Here’s what the merger tells you about OpenAI’s internal math: Codex as a standalone developer product wasn’t growing into a business that justified its own app, but Codex as the muscle inside a mass-market agent is a much bigger story. That’s a rational consolidation — and the bill lands on developers. When your coding agent becomes a tab inside a consumer app, its roadmap inherits consumer priorities. If you picked Codex over Claude Code last winter — I compared them in Claude Code vs Codex — the tool you chose just changed owners internally, and how second-class the CLI gets over the next two quarters is worth watching.

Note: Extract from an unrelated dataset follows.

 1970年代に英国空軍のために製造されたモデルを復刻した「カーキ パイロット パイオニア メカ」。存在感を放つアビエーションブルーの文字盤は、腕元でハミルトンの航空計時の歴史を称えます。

GPT-5.6 Pricing vs Claude: A Deliberate Price War
The rate card is the most legible strategy memo OpenAI has published this year. Plot each tier against Anthropic’s lineup and the intent is hard to miss:
quadrantChart
title GPT-5.6 vs Claude pricing map, July 2026 - output price per 1M tokens
x-axis Cheaper --> More Expensive
y-axis Utility Tier --> Flagship Tier
quadrant-1 Premium ceiling
quadrant-2 Flagship value attack
quadrant-3 Commodity tier
quadrant-4 Hard to justify
GPT-5.6 Sol: [0.58, 0.85]
Opus 4.8: [0.52, 0.78]
Fable 5: [0.93, 0.95]
GPT-5.6 Terra: [0.34, 0.58]
Sonnet 5: [0.38, 0.65]
GPT-5.6 Luna: [0.13, 0.32]
Haiku 4.5: [0.11, 0.28]
Three aimed shots. Sol at $5/$30 parks directly on top of Opus 4.8’s $5/$25 — identical input price, output a touch higher — while claiming Fable-class capability. That’s “the flagship at the co-flagship’s price,” and it undercuts Fable 5’s $10/$50 by half. Terra at $2.50/$15 tucks in just under Sonnet 5’s standard $3/$15, matching output to the cent and shaving the input price — a number chosen by someone with Anthropic’s pricing page open in the next tab. Luna at $1/$6 brackets Haiku 4.5’s $1/$5, conceding a dollar of output to offer the bigger context window.

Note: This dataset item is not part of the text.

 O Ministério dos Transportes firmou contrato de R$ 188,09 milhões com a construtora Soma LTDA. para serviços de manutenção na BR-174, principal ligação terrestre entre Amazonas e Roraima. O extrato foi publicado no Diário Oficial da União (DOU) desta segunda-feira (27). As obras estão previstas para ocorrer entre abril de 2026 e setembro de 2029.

The squeeze on Anthropic comes with a date attached. Sonnet 5’s introductory $2/$10 pricing expires August 31 — that intro rate is a big part of why I’ve recommended Sonnet as the default coding model. On September 1 it reverts to $3/$15, and Terra suddenly becomes the cheaper mid-tier on paper. So let me put a prediction in writing: Anthropic either extends the intro pricing past August 31 or answers with a cut within weeks of it lapsing. Frontier-model pricing in 2026 behaves like cloud-storage pricing in 2014, and holding a price umbrella over a well-funded competitor is how you donate market share. If you’re budgeting API spend for Q4, build in the assumption that mid-tier prices go down, not up.

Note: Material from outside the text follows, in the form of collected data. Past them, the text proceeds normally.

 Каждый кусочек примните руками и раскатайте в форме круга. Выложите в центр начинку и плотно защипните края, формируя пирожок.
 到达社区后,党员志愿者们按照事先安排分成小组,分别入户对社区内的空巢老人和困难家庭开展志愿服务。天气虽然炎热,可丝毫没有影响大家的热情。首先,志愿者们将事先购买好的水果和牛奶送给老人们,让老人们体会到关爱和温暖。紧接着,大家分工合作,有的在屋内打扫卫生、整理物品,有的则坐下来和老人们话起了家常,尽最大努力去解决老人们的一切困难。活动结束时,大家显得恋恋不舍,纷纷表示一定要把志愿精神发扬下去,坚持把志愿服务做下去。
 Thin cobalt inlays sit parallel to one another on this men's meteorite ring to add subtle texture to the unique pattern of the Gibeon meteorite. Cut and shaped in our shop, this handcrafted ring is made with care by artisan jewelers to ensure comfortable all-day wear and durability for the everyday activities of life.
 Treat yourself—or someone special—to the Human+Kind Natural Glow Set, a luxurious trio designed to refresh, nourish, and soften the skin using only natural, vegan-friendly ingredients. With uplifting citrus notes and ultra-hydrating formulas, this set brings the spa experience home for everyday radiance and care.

Should You Switch to GPT-5.6? Sorting Out Who This Is For
“Should I switch” has three different answers depending on your seat, so here’s the judgment this launch actually calls for, sorted by who you are.
If Claude Code is your daily driver and it’s working: don’t migrate, and feel free to ignore nearly everything else about this release. Migrating on GA-day numbers is exactly the mistake I warned about when Fable 5 launched — you’d be moving on vendor ceiling scores before a single harness-neutral evaluation exists. Nothing that shipped on July 9 changes what your terminal does today. The one thing worth keeping an eye on is the September pricing chess match above, because that’s where this launch eventually touches your bill.
If you buy API tokens in any volume: don’t switch, but don’t ignore it either — run the cheap experiment this week. Take $5 of credit, point Luna ($1/$6) at your five most recent real tasks — the actual failing tests and migration scripts from your week, not toy prompts — and compare outputs against your current default. Five dollars buys roughly 500K tokens of Luna output, which is plenty for a genuine read on tool-use discipline and instruction-following. If Luna impresses, escalate the same tasks to Terra before touching Sol; at 75, 77, and 80 on the Coding Agent Index, the tier gaps are small enough that the cheap tier tells you most of what the expensive one would.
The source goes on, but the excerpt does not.